Maritime37...best of luck...
@AmiSue that's not a bad idea. I've seen rooms for rent, just nothing yet that would work for us. I'm considering all the options.
When its warm enough to fibreglass the new filters to my fishtank.
A tooth with a hole in!
The x still thinking she can take her emotions out on me despite being part for over 8 months
Willy Wonka fired his entire workforce and replaced them with undocumented immigrants.
And that was before the child endangerment.
If you focus on the present you won't worry about the future. One day at a time.
my sister stole all of my tampons and i am broke...not as bad as it could be, but its what is bothering me today.
Here I am moving, and don't need the tampons that I discarded. Lol
@Freedompath lmao isnt that just how it always seems to work out?
I’m actually fairly content today, however my 17 year old daughter has been stressing me out for a good 6 weeks.
That I am so busy and tired. My dog has been restless for the past week and wants to go outside numerous times every night. I am working very long days to get a pet project up and running at work, I don't get paid for it, but it is important to me. And I have had car issues to deal with taking a day and week and lots of money. So that means I have to look around to see if I have any.
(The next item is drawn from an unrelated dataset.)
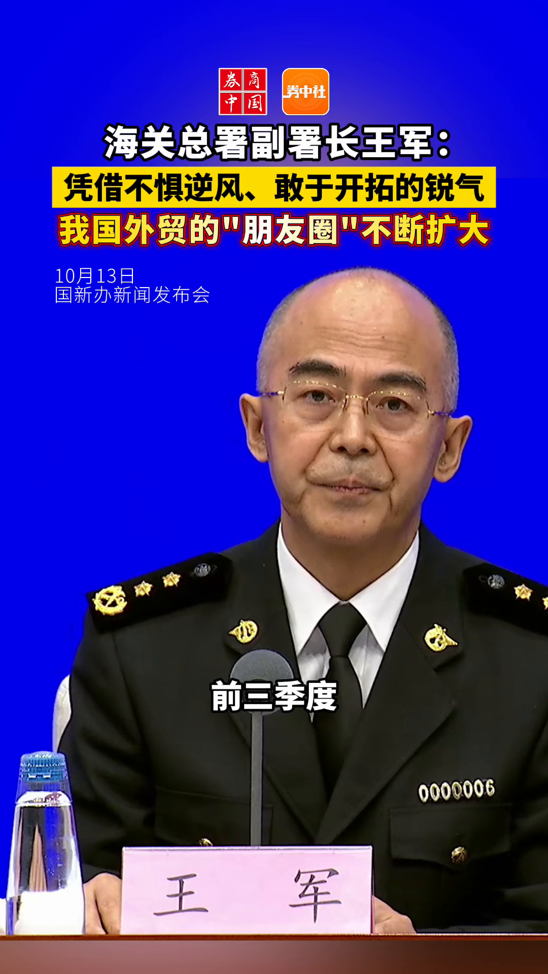 海关总署副署长王军:凭借不惧逆风、敢于开拓的锐气,我国外贸的“朋友圈”不断扩大

Just need a week or two to catch up on my chores, and have some time in the water.
I thought agnostics, etc, were healthier mentally and more rational in general than believers. After a few weeks on this site I am surprised by some women, who seem to be contrary to other women's opinions merely to differentiate themselves from other women and show they are "one of the boys."
That behavior doesn't hold a candle, however, to the number of men who show a mental age of under twelve in their grammar, name calling, and intense misogyny. It is as if 2/3 of male members are here to advertise their hatred of women, among other things they can't understand. They aren't here for community or dating, but merely to vent their bruised egos towards the nearest female. I don't pretend to understand why they aren't held back in rank or banned from the site. They ruin it for everyone else. There are some very sick men on here. It is seriously disturbing, and I have worked in actual high security mental facilities. Is there no provision here for incendiary hate speech? Or even those who use this site for purposes other than community or dating? The hate is so strong here!
Some guy said anxiety doesn't come from not knowing the future, rather from not being able to control it.
Let it happen.
That happens a lot, especially before you just give up trying to figure out all your steps before you make them...and just accept the moment that you are in and let that be enough! Plans can still be made...but living in the moment satisfies, over a long range. We want be a failure if we are not striving all the time! I am concerned that I will not be moved out of this place by the end of this month! I work to keep my word, but I may have to get an extention!
Kidney stones.
I’ve had maybe 10 of those in my life varying from a mild discomfort to ‘please give me morphine’. Hope it passes soon.
@indirect76 Thanks. They're still in production.
My best...i've never had them and never knew anyone who thought they were 'a piece of cake, either!
@Freedompath Thank you. I get them periodically. Definitely not any fun at all.
I hope you never fine out what they're like.